START Provided records

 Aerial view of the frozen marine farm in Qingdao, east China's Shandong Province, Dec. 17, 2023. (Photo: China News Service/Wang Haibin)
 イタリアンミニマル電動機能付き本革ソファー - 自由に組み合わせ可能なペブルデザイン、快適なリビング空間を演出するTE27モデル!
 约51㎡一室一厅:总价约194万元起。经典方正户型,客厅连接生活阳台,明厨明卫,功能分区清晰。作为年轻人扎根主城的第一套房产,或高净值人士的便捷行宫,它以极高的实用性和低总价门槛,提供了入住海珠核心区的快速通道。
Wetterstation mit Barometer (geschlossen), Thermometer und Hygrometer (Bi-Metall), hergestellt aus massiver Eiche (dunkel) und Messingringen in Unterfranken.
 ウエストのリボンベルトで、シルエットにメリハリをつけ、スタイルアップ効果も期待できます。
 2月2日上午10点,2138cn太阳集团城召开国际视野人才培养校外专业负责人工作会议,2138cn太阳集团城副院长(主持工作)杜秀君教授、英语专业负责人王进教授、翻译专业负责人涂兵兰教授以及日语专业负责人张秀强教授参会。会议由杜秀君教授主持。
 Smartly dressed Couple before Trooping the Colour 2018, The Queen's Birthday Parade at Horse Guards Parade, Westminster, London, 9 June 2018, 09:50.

END Provided records

The response must contain exactly the lines from the one with "ウエストのリボンベルトで、シ" to the end of the entries above, both included, and nothing more.

[Output for this task]:
 ウエストのリボンベルトで、シルエットにメリハリをつけ、スタイルアップ効果も期待できます。
 2月2日上午10点,2138cn太阳集团城召开国际视野人才培养校外专业负责人工作会议,2138cn太阳集团城副院长(主持工作)杜秀君教授、英语专业负责人王进教授、翻译专业负责人涂兵兰教授以及日语专业负责人张秀强教授参会。会议由杜秀君教授主持。
 Smartly dressed Couple before Trooping the Colour 2018, The Queen's Birthday Parade at Horse Guards Parade, Westminster, London, 9 June 2018, 09:50.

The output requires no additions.